DS: And the other thing is, with the increasing nature of the collaboration, the things we’ve wanted to do and we’ve wanted other people to participate in, you can’t rent another guy’s space at those rates for six months.

MK: That’s one of the major reasons, for instance, when we set up those cinderblocks at Defibrillator—for Valise 13, several hundred cinderblocks had to be hauled in and out of the space in a weekend—people were like “How long is this staying up?” And it was like, “Oh gosh, just until tomorrow.” So, it’s also interesting, from our standpoint, where we get to invite other artists to come and interact with the architecture as well.
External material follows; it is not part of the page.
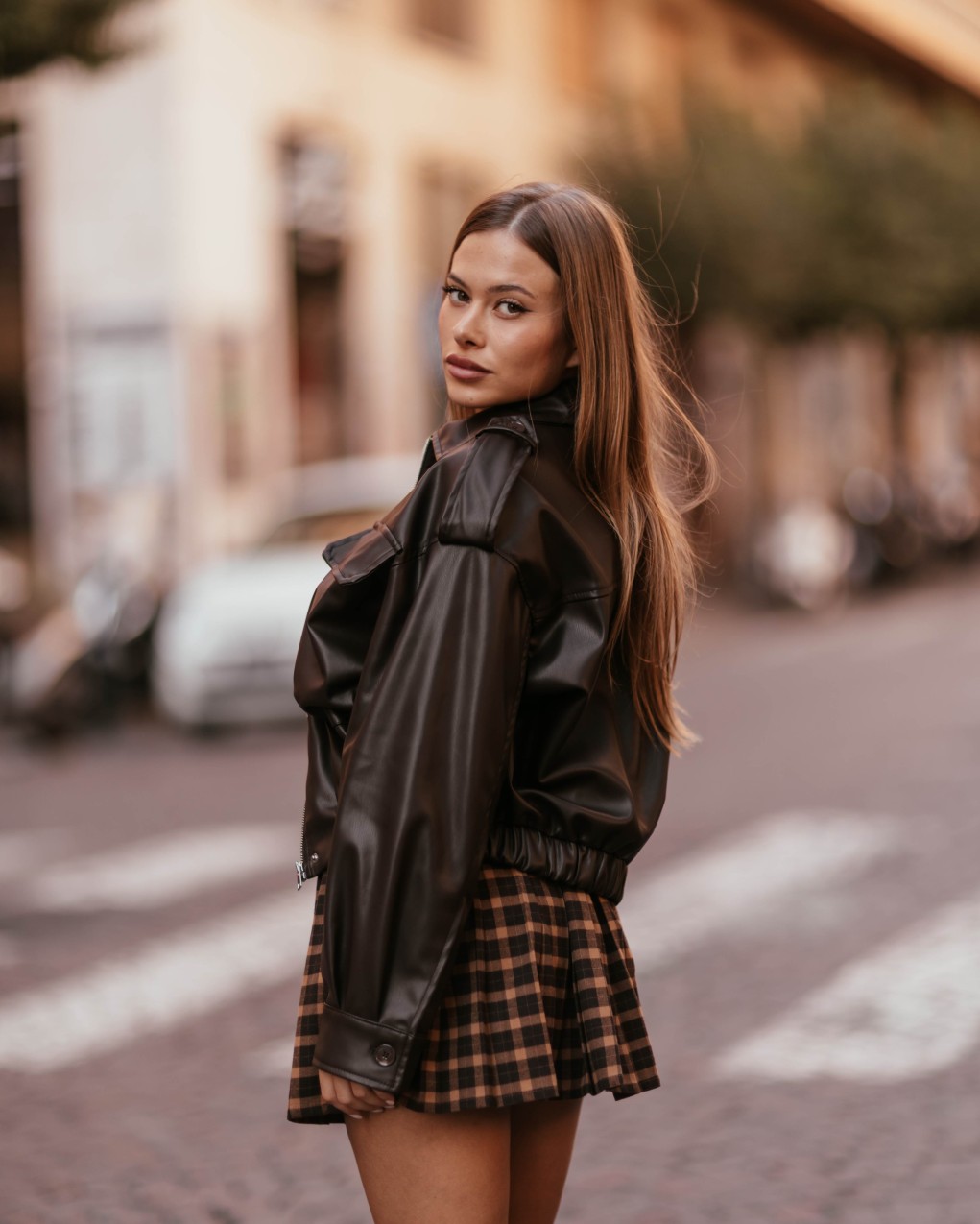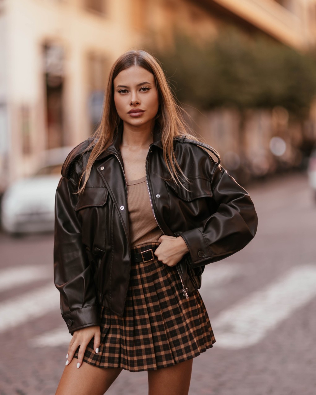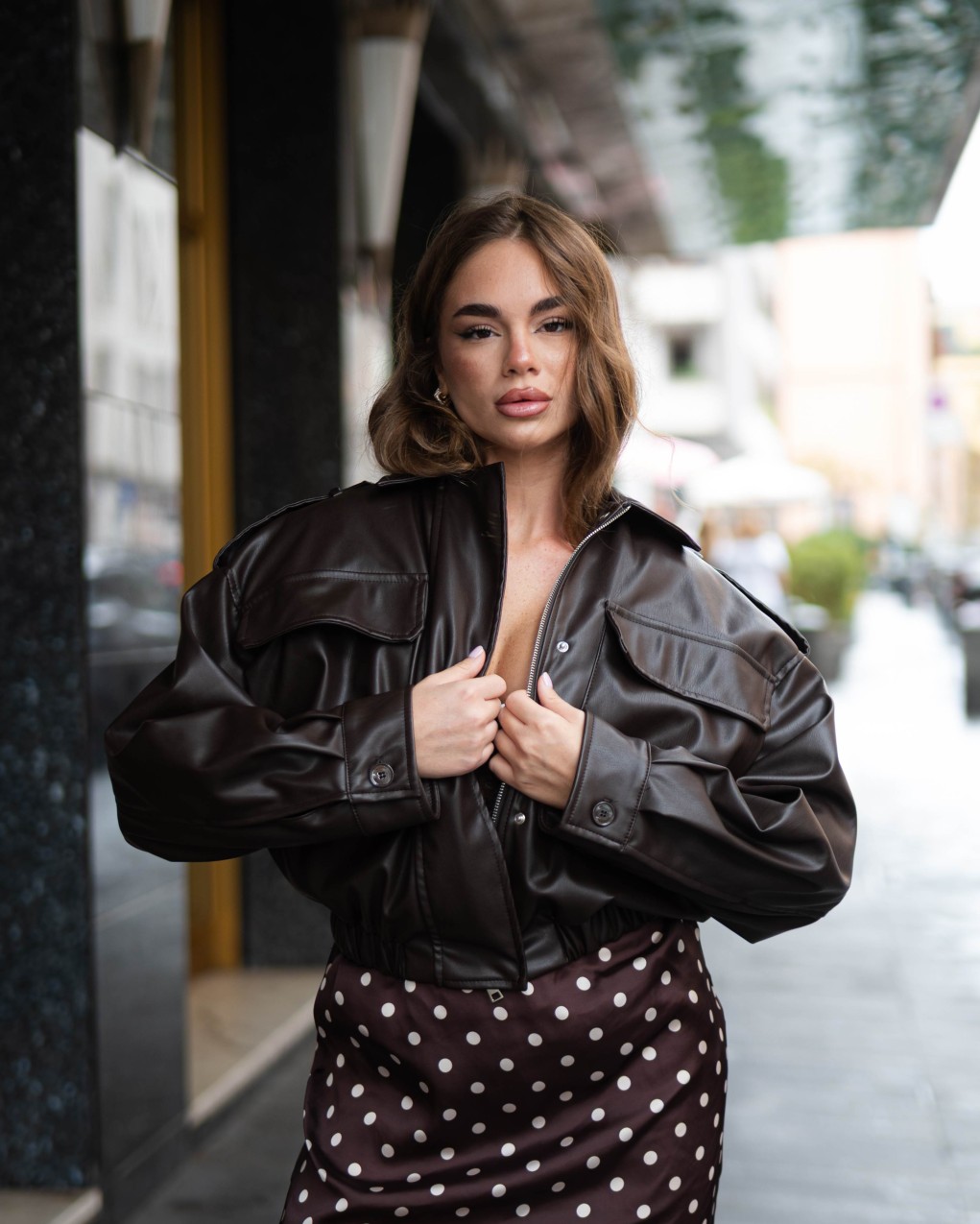 Giacca in ecopelle dal design oversize con silhouette cropped contemporanea. Caratterizzata da ampie tasche frontali con patta, chiusura con zip e dettagli bottoni a vista. La vestibilità ampia sulle spalle e maniche voluminose conferiscono un look distintivo e di tendenza, mentre il taglio corto in vita aggiunge un tocco femminile al capo.

I think anytime you can move away from this commodity-centric, art world idea in any way and drag that kicking and screaming into other disciplinary areas, that’s a good thing.

MK: Oh, it’ll be kicking and screaming all right.

It’s a stance to resist art’s professionalization.

MK: That has been frustrating these past few years. I see the art of dance moving into this road that’s being populated because they think that’s what the audience wants to see and it’s digestible and therefore then they’ll get money because, “Okay, I see if I use some language then I’ll know what your piece is about and therefore, great I’m so glad I get it.”

DS: And that maybe serves their social and political check-box and they’re not going to get any pushback. There’s a PR value they’re getting and there’s a kind of vetting they have to do first. But as artists, you can choose whether or not that’s the only way you’re going to make work.

MK: Right. I think it’s this American thing, to shy away from any work with a sense of ambiguity or ambivalence, and that’s really too bad, because that’s what I think art is all about.

SITE/less, 1250 West Augusta, on the east side of the Kennedy expressway will host its soft opening with a premiere of “Shadows Across Our Eyes,” new movement studies by Kranicke and Molly Strom, April 26-May 5, Thursday-Saturday at 7:30pm, $15. Tickets at zephyrdance.com.